| Search View | Mirabeau, Honoré Gabriel Riqueti, Comte de | Article View |
| I. | Introduction |
Mirabeau, Honoré Gabriel Riqueti, Comte de (1749-1791), French politician, a member of the National Constituent Assembly during the French Revolution, a charismatic orator who attempted to reconcile the principles of the Revolution with a constitutional monarchy.
| II. | A Scandalous Youth |
Born at the château of Bignon (in Loiret, central France), Honoré Gabriel Riqueti, the future Comte de Mirabeau, was the eldest son of a noble family from Provence. His father was an economist who became associated with the school of economic reformers known as the Physiocrats. As a young man his scandalous misadventures attracted attention—he ran up debts, fought duels, and had numerous love affairs (despite his unprepossessing physical appearance, caused by the effects of smallpox). He was imprisoned twice under lettres de cachet (written orders allowing him to be held without trial), and was compelled by his father to join the army in 1767. In 1771 he married a Provençal heiress, Émilie de Marignane.
Following an affair with the wife of the Marquis de Monnier, and their flight to the Low Countries, Mirabeau was condemned to death for seduction and abduction, and imprisoned in the Château de Vincennes between 1777 and 1780. During his detention he wrote several works, most famously an essay, Des Lettres de Cachet et des Prisons d'État (1780; On Lettres de Cachet and State Prisons). At the end of 1786 he was appointed to a diplomatic mission to the court of the king of Prussia, Frederick the Great, in Berlin. His account of the mission, Histoire Secrète de la Cour de Berlin (1789; Secret History of the Court of Berlin) created another scandal.
| III. | At the Estates-General |
Mirabeau was elected to the Estates-General, representing Aix-en-Provence, in 1789. Even though this was the very year in which he inherited his title, he chose to sit with the Third Estate (representing the commoners) rather than with the nobility. He soon emerged as a leading spokesman for the Third Estate, publishing Appel à la Nation Provençale (Appeal to the Provençal Nation) and Lettres du Comte de Mirabeau à ses Commettants (Letters from the Comte de Mirabeau to his Constituents). On June 17, 1789, he cooperated with Emmanuel Sieyès in transforming the Third Estate into a national assembly. Mirabeau boosted his popularity when he helped rally the new assembly in its refusal to disperse on June 23, famously challenging a royal messenger with the words “if you have orders to remove us from this hall, you must also get authority to use force, for we shall yield to nothing but to bayonets”. A skilled speaker, Mirabeau also defended the freedom of the press with his newspaper Courrier de Provence, assisting with drawing up the Declaration of the Rights of Man and the Citizen (on August 26), supported the abolition of the privileges of the clergy, and joined the Jacobin Club at the end of 1789.

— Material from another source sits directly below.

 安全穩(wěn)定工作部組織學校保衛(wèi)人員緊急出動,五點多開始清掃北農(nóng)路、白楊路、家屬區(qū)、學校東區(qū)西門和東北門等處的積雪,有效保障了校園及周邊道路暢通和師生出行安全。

| IV. | Between the King and the People |
However, alarmed by the growing power of the people as the Revolution gathered pace, Mirabeau began to take a more moderate position. While an opponent of absolutism he remained a supporter of Louis XVI, and argued for a constitutional monarchy. He tried to square these ideas with revolutionary principles, defending the king’s right of veto on legislation against the tide of opinion in the National Constituent Assembly. He envisioned himself taking charge of a ministry and easing relations between the king and the Assembly, though this plan was stymied when the Assembly decreed that one of its members could not simultaneously serve as a minister.

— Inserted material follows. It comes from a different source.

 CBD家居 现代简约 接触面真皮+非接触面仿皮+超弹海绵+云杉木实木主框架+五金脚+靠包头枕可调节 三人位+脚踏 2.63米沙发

In July 1790, Mirabeau held the first of a series of secret meetings with Louis, from whom he received payment as a secret advisor. However, his advice to the king on how he could hold onto the throne and limit the Revolution was not heeded. In spite of this hidden role, and some opposition from other members, Mirabeau was elected president of the Constituent Assembly on January 30, 1791. He died in April of the same year, and he was laid to rest in the Panthéon in Paris as a hero of the Revolution. However, on the discovery of his secret correspondence with the king his remains were removed.